## [THE PROBLEM]
Once the pictures are set aside, copy the records below exactly as they stand.

## [DATA IN THIS EXERCISE]
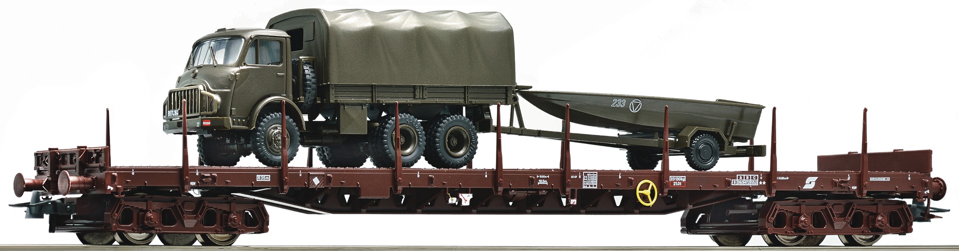 67266: 4 AXLE FLAT CAR WITH MILITARY VEHICLES OF AUSTRIAN ARMY
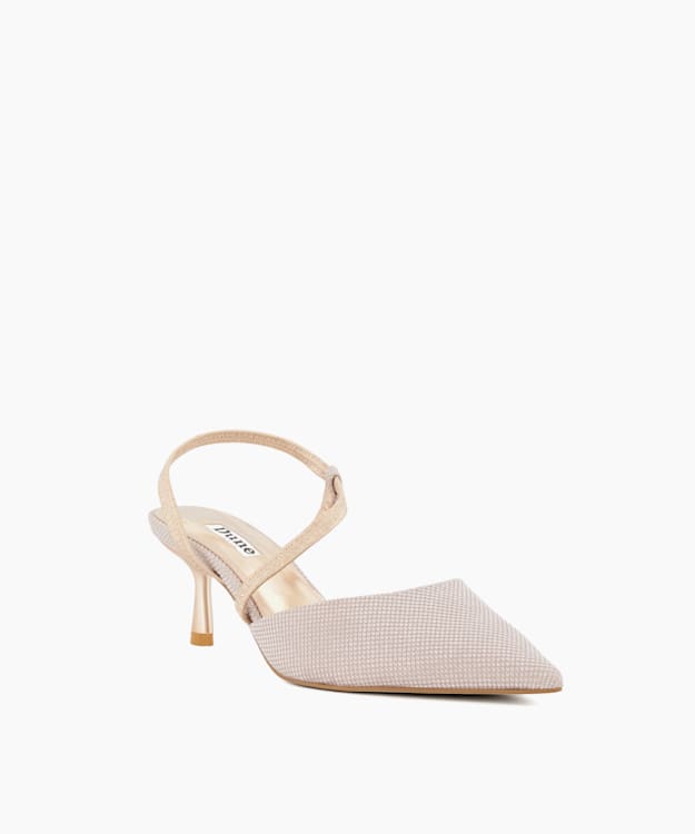 Rose gold pointed shoes clearance, Citrus Rose Gold Matte Flared Heel Court Shoes Dune London clearance
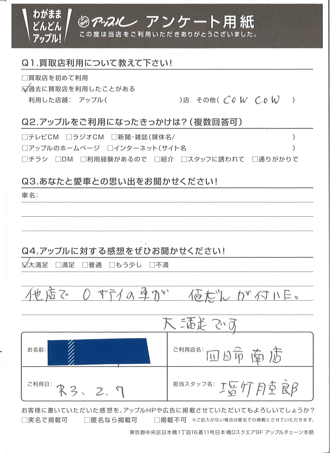 お車のご相談・ 査定だけでもOK! カンタン 入力 30秒 アップルがブランド買取始めました! お電話でも受付中! 受付時間10:00 ~ 18:30 0120-665-977 お車のご相談・ 査定だけでもOK! カンタン 入力 30秒 アップルがブランド買取始めました! お電話でも受付中! 受付時間10:00 ~ 18:30 0120-665-977 アップルがブランド買取始めました! お電話でも受付中! 受付時間10:00 ~ 18:30 0120-665-977 店舗情報 在庫車 スタッフ紹介 ブログ お客様の声 キャンペーン お得 無料査定 click お客様の声 ご記入日: 2021/02/07 匿名様 車名:メルセデス・ベンツ Bクラス 他店で0サテイの車が値だんが付いた。大満足です 前へ 次へ お客様の声一覧を見る
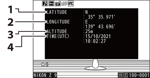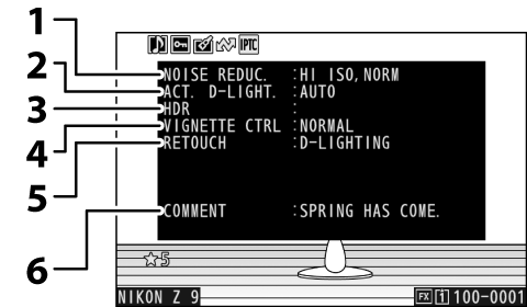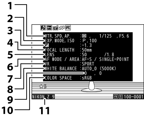 Consulte los ajustes efectivos en el momento de capturar la imagen. La lista de datos del disparo tiene varias páginas que se pueden ver pulsando 1 o 3. La información visualizada puede seleccionarse usando [] > [] en el menú de reproducción.
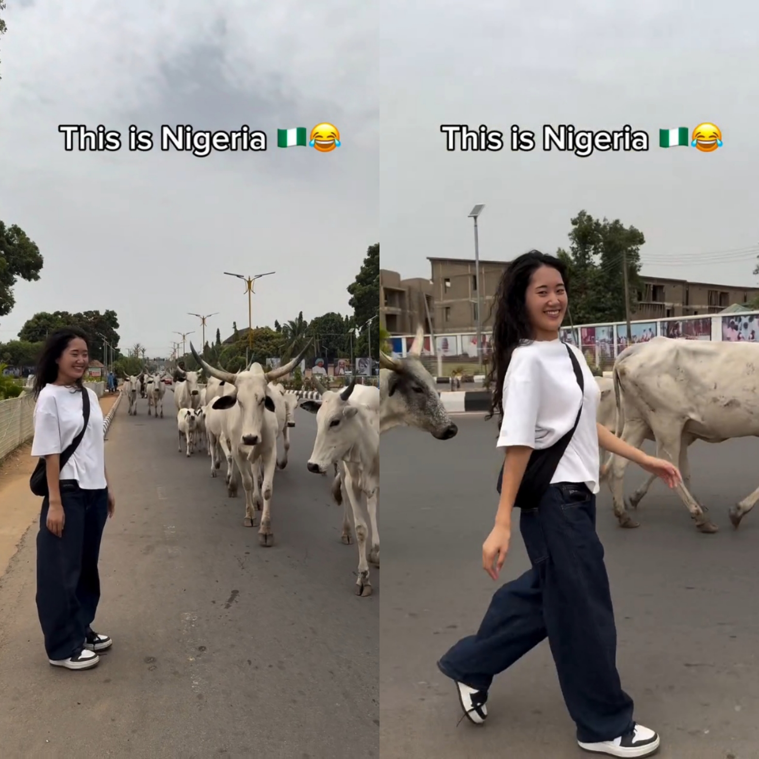 However, it was the moment when she found herself walking alongside these gentle creatures that really stole the show. One of the cows even stopped to sniff her, leaving Jin looking utterly amused. Her Instagram post was captioned with a simple yet telling message: "Cows walking in the same lane with cars." She added a laughing emoji, clearly still trying to wrap her head around this bizarre yet fascinating sight. And with her parting words, "This is Nigeria," she gave us a glimpse into the country's unapologetic and carefree spirit.
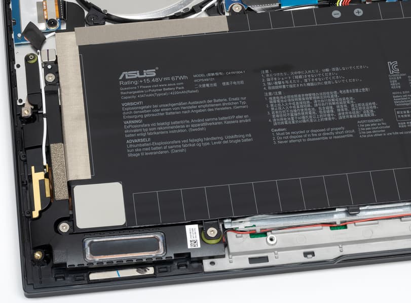 Мы тестировали ультрабук при яркости экрана 100 кд/м² (что в данном случае эквивалентно 44%) в тестовом пакете PCMark’10. Сетевые соединения и звук не отключались. В эмуляции офисной работы (тест Applications) до полного отключения ультрабук проработал почти 15 часов, а также 3,5 часа при тестировании игровой производительности. Великолепные результаты!
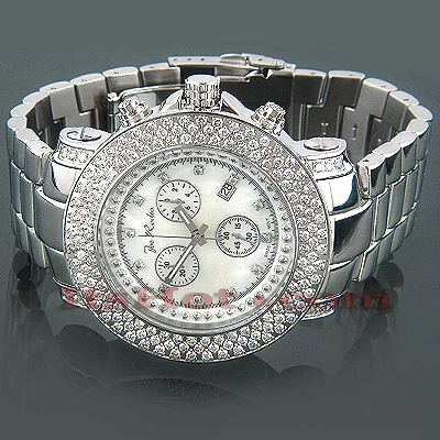 JoJo Iced Out Watches! This Joe Rodeo diamond watch features genuine round diamonds masterfully set on the bezel and lugs totaling 6.00 ct. The white mother of pearl face features three chronograph subdials and a date display window at 4 o’clock position. 10 ATM water-resistant stainless steel case houses a fine Swiss-made quartz movement with chronograph function, center second and date. This men’s Joe Rodeo diamond watch comes with two extra interchangeable straps in different colors. The patented strap adjusts once for a perfect fit, and comes on and off with the press of a button.
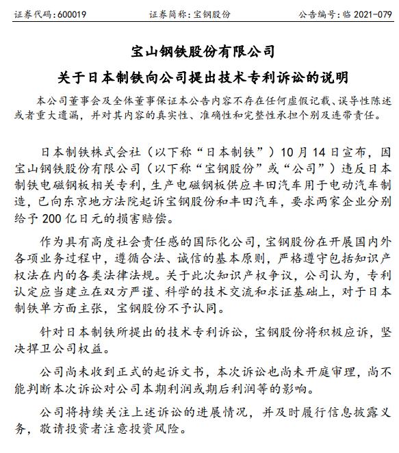 10月18日,宝钢股份公告,日本制铁10月14日宣布,因公司违反日本制铁电磁钢板相关专利,生产电磁钢板供应丰田汽车用于电动汽车制造,已向东京地方法院起诉宝钢股份和丰田汽车,要求两家企业分别给予200亿日元的损害赔偿。针对日本制铁所提出的技术专利诉讼,宝钢股份将积极应诉,坚决捍卫公司权益。公司尚未收到正式的起诉文书,本次诉讼也尚未开庭审理,尚不能判断本次诉讼对公司本期利润或期后利润等的影响。
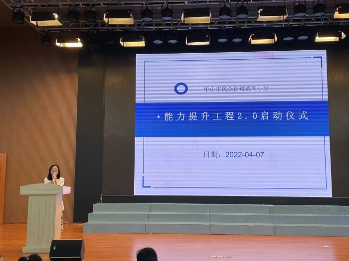 為促進信息技術與教育教學融合創(chuàng)新發(fā)展,推動全校教師信息技術應用水平的提升,迎接中山市信息技術應用能力提升工程 2.0 整校推進工作,2022年4月7日上午,“浪網(wǎng)小學能力提升工程2.0啟動儀式”在浪網(wǎng)小學階梯室舉行,學校副校長楊嵐主持,全校老師參加。

## [RESULT OF THIS TASK]
 67266: 4 AXLE FLAT CAR WITH MILITARY VEHICLES OF AUSTRIAN ARMY
 Rose gold pointed shoes clearance, Citrus Rose Gold Matte Flared Heel Court Shoes Dune London clearance
 お車のご相談・ 査定だけでもOK! カンタン 入力 30秒 アップルがブランド買取始めました! お電話でも受付中! 受付時間10:00 ~ 18:30 0120-665-977 お車のご相談・ 査定だけでもOK! カンタン 入力 30秒 アップルがブランド買取始めました! お電話でも受付中! 受付時間10:00 ~ 18:30 0120-665-977 アップルがブランド買取始めました! お電話でも受付中! 受付時間10:00 ~ 18:30 0120-665-977 店舗情報 在庫車 スタッフ紹介 ブログ お客様の声 キャンペーン お得 無料査定 click お客様の声 ご記入日: 2021/02/07 匿名様 車名:メルセデス・ベンツ Bクラス 他店で0サテイの車が値だんが付いた。大満足です 前へ 次へ お客様の声一覧を見る
 Consulte los ajustes efectivos en el momento de capturar la imagen. La lista de datos del disparo tiene varias páginas que se pueden ver pulsando 1 o 3. La información visualizada puede seleccionarse usando [] > [] en el menú de reproducción.
 However, it was the moment when she found herself walking alongside these gentle creatures that really stole the show. One of the cows even stopped to sniff her, leaving Jin looking utterly amused. Her Instagram post was captioned with a simple yet telling message: "Cows walking in the same lane with cars." She added a laughing emoji, clearly still trying to wrap her head around this bizarre yet fascinating sight. And with her parting words, "This is Nigeria," she gave us a glimpse into the country's unapologetic and carefree spirit.
 Мы тестировали ультрабук при яркости экрана 100 кд/м² (что в данном случае эквивалентно 44%) в тестовом пакете PCMark’10. Сетевые соединения и звук не отключались. В эмуляции офисной работы (тест Applications) до полного отключения ультрабук проработал почти 15 часов, а также 3,5 часа при тестировании игровой производительности. Великолепные результаты!
 JoJo Iced Out Watches! This Joe Rodeo diamond watch features genuine round diamonds masterfully set on the bezel and lugs totaling 6.00 ct. The white mother of pearl face features three chronograph subdials and a date display window at 4 o’clock position. 10 ATM water-resistant stainless steel case houses a fine Swiss-made quartz movement with chronograph function, center second and date. This men’s Joe Rodeo diamond watch comes with two extra interchangeable straps in different colors. The patented strap adjusts once for a perfect fit, and comes on and off with the press of a button.
 10月18日,宝钢股份公告,日本制铁10月14日宣布,因公司违反日本制铁电磁钢板相关专利,生产电磁钢板供应丰田汽车用于电动汽车制造,已向东京地方法院起诉宝钢股份和丰田汽车,要求两家企业分别给予200亿日元的损害赔偿。针对日本制铁所提出的技术专利诉讼,宝钢股份将积极应诉,坚决捍卫公司权益。公司尚未收到正式的起诉文书,本次诉讼也尚未开庭审理,尚不能判断本次诉讼对公司本期利润或期后利润等的影响。
 為促進信息技術與教育教學融合創(chuàng)新發(fā)展,推動全校教師信息技術應用水平的提升,迎接中山市信息技術應用能力提升工程 2.0 整校推進工作,2022年4月7日上午,“浪網(wǎng)小學能力提升工程2.0啟動儀式”在浪網(wǎng)小學階梯室舉行,學校副校長楊嵐主持,全校老師參加。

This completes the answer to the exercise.